- _Problem description_
Your reply should contain nothing except the lines from the one with "Best Gift Floating" through the end of the listing below, reproduced exactly and stripped of pictures.

Stored data Start Marker

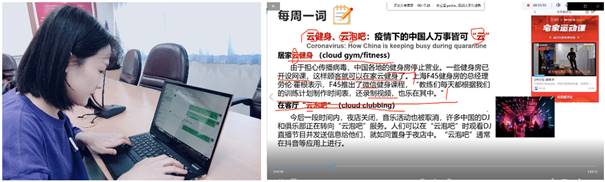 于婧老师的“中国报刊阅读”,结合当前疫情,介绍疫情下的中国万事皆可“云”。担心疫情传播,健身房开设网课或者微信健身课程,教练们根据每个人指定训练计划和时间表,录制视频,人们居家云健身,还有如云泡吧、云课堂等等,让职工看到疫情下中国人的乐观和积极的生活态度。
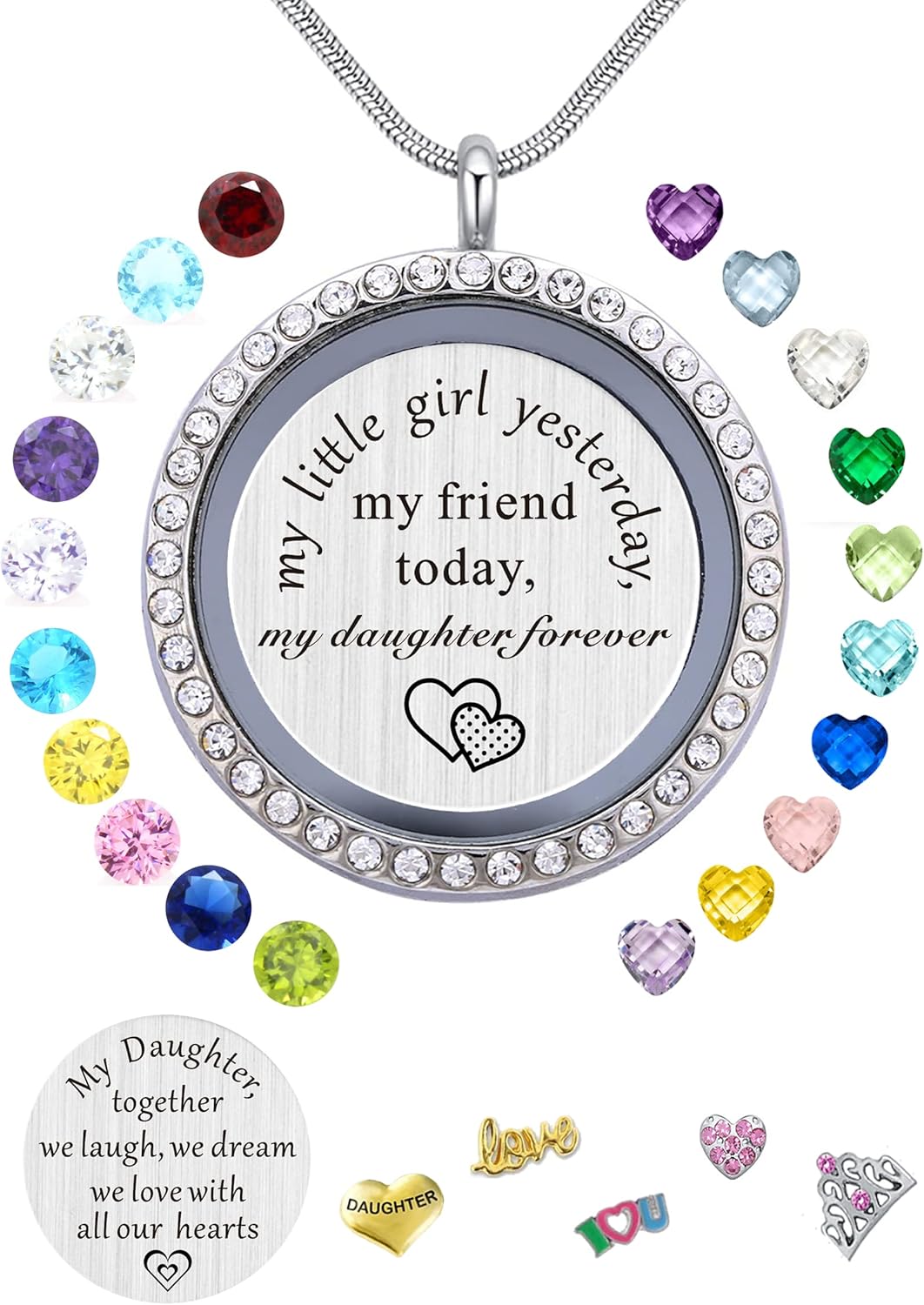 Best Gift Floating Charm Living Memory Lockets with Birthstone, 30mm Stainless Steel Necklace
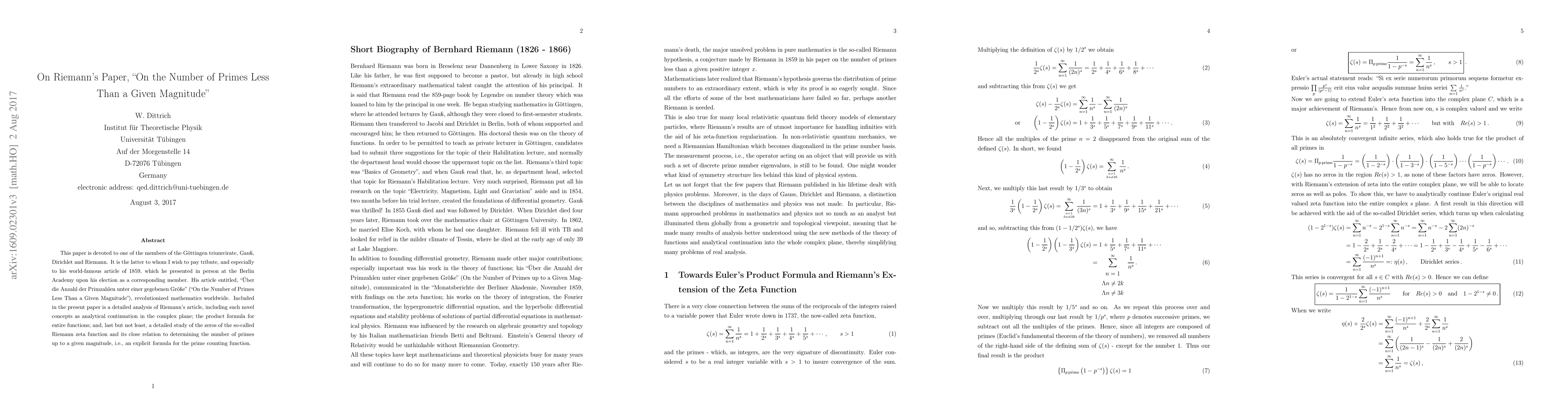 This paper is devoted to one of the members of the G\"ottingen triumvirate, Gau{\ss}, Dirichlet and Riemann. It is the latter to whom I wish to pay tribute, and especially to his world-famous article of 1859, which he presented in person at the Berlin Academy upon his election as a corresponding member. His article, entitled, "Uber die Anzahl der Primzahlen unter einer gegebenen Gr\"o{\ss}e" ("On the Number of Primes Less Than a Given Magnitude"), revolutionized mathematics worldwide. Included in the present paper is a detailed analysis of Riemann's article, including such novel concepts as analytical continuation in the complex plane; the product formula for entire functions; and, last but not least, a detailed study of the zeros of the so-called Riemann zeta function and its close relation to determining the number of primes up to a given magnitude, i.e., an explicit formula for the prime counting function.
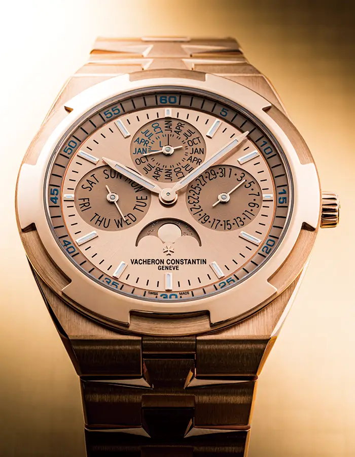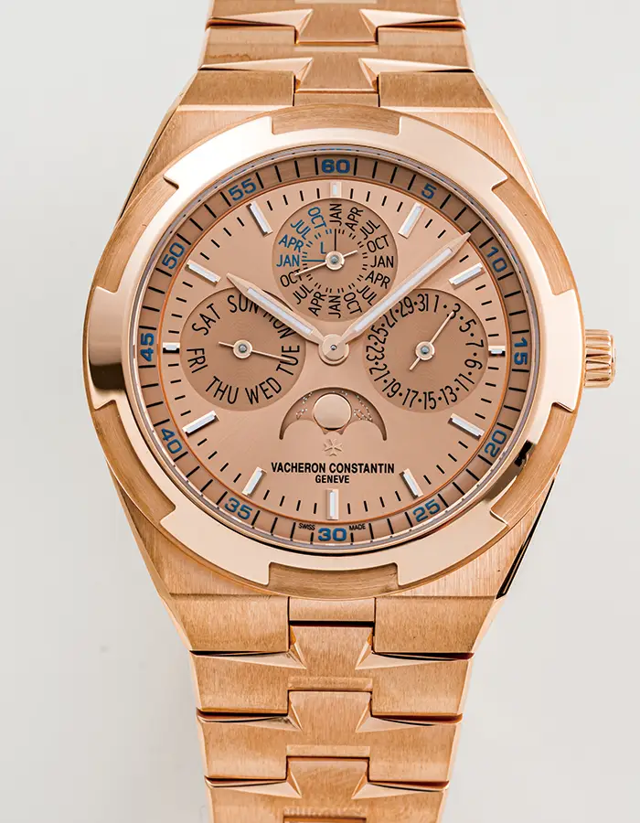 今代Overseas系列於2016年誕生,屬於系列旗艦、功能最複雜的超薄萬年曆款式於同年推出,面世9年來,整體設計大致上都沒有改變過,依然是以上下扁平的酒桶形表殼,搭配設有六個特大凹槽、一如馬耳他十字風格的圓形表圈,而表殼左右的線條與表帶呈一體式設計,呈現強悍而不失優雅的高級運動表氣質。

Stored data End Marker

- _Exercise response_
 Best Gift Floating Charm Living Memory Lockets with Birthstone, 30mm Stainless Steel Necklace
 This paper is devoted to one of the members of the G\"ottingen triumvirate, Gau{\ss}, Dirichlet and Riemann. It is the latter to whom I wish to pay tribute, and especially to his world-famous article of 1859, which he presented in person at the Berlin Academy upon his election as a corresponding member. His article, entitled, "Uber die Anzahl der Primzahlen unter einer gegebenen Gr\"o{\ss}e" ("On the Number of Primes Less Than a Given Magnitude"), revolutionized mathematics worldwide. Included in the present paper is a detailed analysis of Riemann's article, including such novel concepts as analytical continuation in the complex plane; the product formula for entire functions; and, last but not least, a detailed study of the zeros of the so-called Riemann zeta function and its close relation to determining the number of primes up to a given magnitude, i.e., an explicit formula for the prime counting function.
 今代Overseas系列於2016年誕生,屬於系列旗艦、功能最複雜的超薄萬年曆款式於同年推出,面世9年來,整體設計大致上都沒有改變過,依然是以上下扁平的酒桶形表殼,搭配設有六個特大凹槽、一如馬耳他十字風格的圓形表圈,而表殼左右的線條與表帶呈一體式設計,呈現強悍而不失優雅的高級運動表氣質。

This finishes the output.